What should parents look for if they suspect their child might have a food allergy? "Your first clue in most babies is eczema, and then obviously it is the immediate reaction to the food," explains Dr Loubser. "The important thing about food allergy is the timing: 15 to 40 minutes roughly is the average time that it takes somebody to react after ingestion of a food. If you’re getting a reaction that happens the next day, it isn’t food allergy. Even if you’re getting a reaction that happens six or eight hours later, it probably isn’t a pure food allergy. The manifestation in babies would typically be immediate rash and gastrointestinal – they would typically vomit. Babies seldom present with major respiratory problems for their first time. The other thing about food allergy is that it’s repeatable. It isn’t dose dependent. It’s very consistent, it’s very immediate and it mainly involves skin and gut in babies."

Growing in and out of allergies

Is there a cure for food allergies? Dr Baptista explains, "So far, there is no treatment that can cure food allergies, but rather control the symptoms. Immunotherapy with allergens – administration of small amounts of the substance – has been shown to reduce the sensitivity of allergic patients and may protect against accidental exposure. But this is not completely safe, has many side effects and the protocols are circumscribed to only some centres."

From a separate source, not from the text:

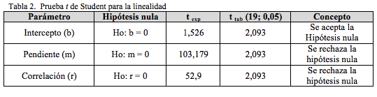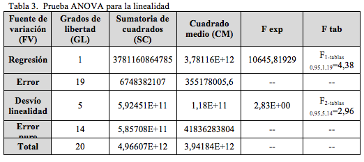 Los resultados de la prueba ANOVA (Tabla 3), indican que no hay dispersión estadísticamente significativa entre los resultados de las réplicas de las distintas concentraciones, corroborando el cumplimiento de la linealidad de la metodología.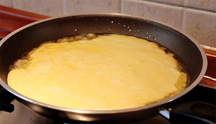 5. Вылейте яично-сливочную смесь на сковороду с обжаренной грудинкой и готовьте на среднем огне 3–4 минуты, постоянно помешивая, чтобы масса слегка загустела, но не превратилась в омлет. Консистенция должна быть нежной и кремовой, чтобы начинка была сочной.

However, the good news is that children can typically outgrow some food allergies, although it might not always be the case. "Most forms of food allergy (such as milk and eggs) that affect children are transient, and the mechanism of tolerance to allergenic protein is established even in the first years of life", says Dr Baptista. "An exception is allergies to peanut protein, nuts and seafood, which are usually persistent. Thus, it is important to establish the correct diagnosis of food allergy and adequate diet, allowing the child to grow and develop until they are tolerant and stop being a carrier of food allergy."

What can new parents do?

Is there anything we can do during pregnancy and infancy in order to reduce the risk of our children having allergies? "The first advice is that you can’t do tests to predict if your child is allergic – we can’t predict who will have an allergic reaction or not," says Dr Loubser. "You can’t use testing as a crystal ball. The earlier you introduce solids, the safer it’s going to be. The guidelines will say that the higher at risk you are, the earlier you introduce, which would generally be around four months of age. If there is a reaction, you need to see an allergist to make a diagnosis. We know that we encourage breastfeeding, and we know that we now encourage early introduction of solids. We ask mothers to eat a broad-based diet, but to the best of our knowledge, there isn’t any ‘primary prevention’ for
food allergy yet."

A supportive local community

For parents who are navigating the daily challenges of living with food allergy, a community support group can be an invaluable source of comfort. Dubai resident Ghadeer Jaamour has been actively trying to spread awareness about food allergy in the local community by carrying out awareness campaigns at schools and talking about food allergy in the local media. She also co-founded a website with her husband that lists local restaurants accommodating allergic eaters. (Wecaneatout.org).

"Our support group consists of members whose lives are impacted in one way or another by food allergies," says Ghadeer, whose son was diagnosed with life-threatening food allergies as an infant. "We have an active Facebook page called Teal Community for families living with food allergies in Dubai. We are also currently in the process of putting together a cookbook that doesn’t include the top eight allergens." The group’s goal is to eventually get a food allergy support group officially registered. This will enable them to carry out further community initiatives that will help families to live with food allergy both safely and confidently.